> Required action: Taking the line that contains "Ausgezeichnet wurden heute" as the start and the last line of the data as the end, repeat exactly every line in that span, but no pictures.

> Available data:

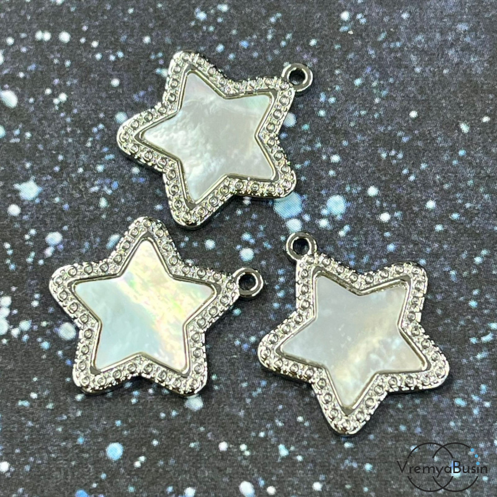 Подвеска с перламутром "Звезда", 15х17 мм, латунь с родиевым покрытием (1 шт.)
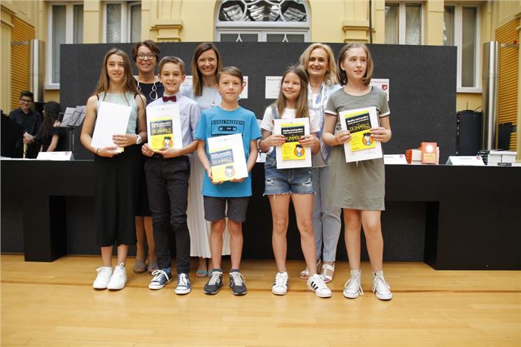 Ausgezeichnet wurden heute (6. Juni) im Beisein von Bildungslandesrat Philipp Achammer, Landesschuldirektorin Sigrun Falkensteiner, der Direktorin der Pädagogischen Abteilung, Gertrud Verdorfer, sowie zahlreicher Schulführungskräfte und Mathematiklehrpersonen die jeweils Besten aller Altersstufen: Dazu gehörten in diesem Jahr 83 Kinder und Jugendliche aus 53 Schulen, die mehr als 50 Punkte erzielt haben. Besonderen Beifall gab es für Tom Schluga aus der Mittelschule der Ursulinen in Bruneck, der die Höchstpunktezahl von 120 erreicht hat.
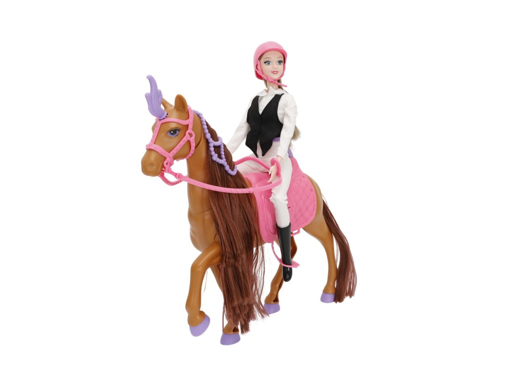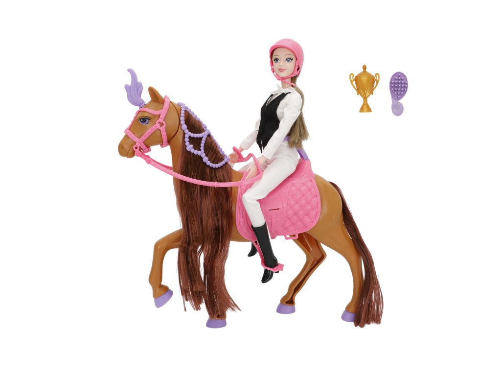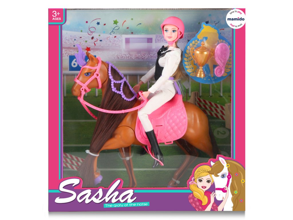 Indulj el lovasversenyre Sasha babával és elegáns lovával. A baba stílusos lovasruházatot visel sisakkal, és a lova gyönyörű, rózsaszín kantárral díszített sörénnyel rendelkezik. A mellékelt fésűnek köszönhetően kedved szerint fésülheted és díszítheted a ló sörényét. A verseny győztesének járó trófea sem hiányzik, ami még szórakoztatóbbá teszi a játékot. A játék 3 éves kortól alkalmas gyermekek számára
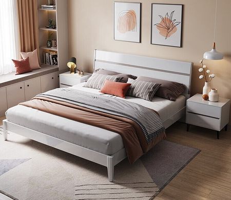 Главная » Мебель Кровать двухспальная + прикроватная тумбочка Quanu 126101B, 1,5 м, белый Просмотров 5 Кровать двухспальная шириной 1,5 метра из массива дерева и прикроватная тумбочка с двумя выдвижными ящиками. Quanu

> Written answer:
 Ausgezeichnet wurden heute (6. Juni) im Beisein von Bildungslandesrat Philipp Achammer, Landesschuldirektorin Sigrun Falkensteiner, der Direktorin der Pädagogischen Abteilung, Gertrud Verdorfer, sowie zahlreicher Schulführungskräfte und Mathematiklehrpersonen die jeweils Besten aller Altersstufen: Dazu gehörten in diesem Jahr 83 Kinder und Jugendliche aus 53 Schulen, die mehr als 50 Punkte erzielt haben. Besonderen Beifall gab es für Tom Schluga aus der Mittelschule der Ursulinen in Bruneck, der die Höchstpunktezahl von 120 erreicht hat.
 Indulj el lovasversenyre Sasha babával és elegáns lovával. A baba stílusos lovasruházatot visel sisakkal, és a lova gyönyörű, rózsaszín kantárral díszített sörénnyel rendelkezik. A mellékelt fésűnek köszönhetően kedved szerint fésülheted és díszítheted a ló sörényét. A verseny győztesének járó trófea sem hiányzik, ami még szórakoztatóbbá teszi a játékot. A játék 3 éves kortól alkalmas gyermekek számára
 Главная » Мебель Кровать двухспальная + прикроватная тумбочка Quanu 126101B, 1,5 м, белый Просмотров 5 Кровать двухспальная шириной 1,5 метра из массива дерева и прикроватная тумбочка с двумя выдвижными ящиками. Quanu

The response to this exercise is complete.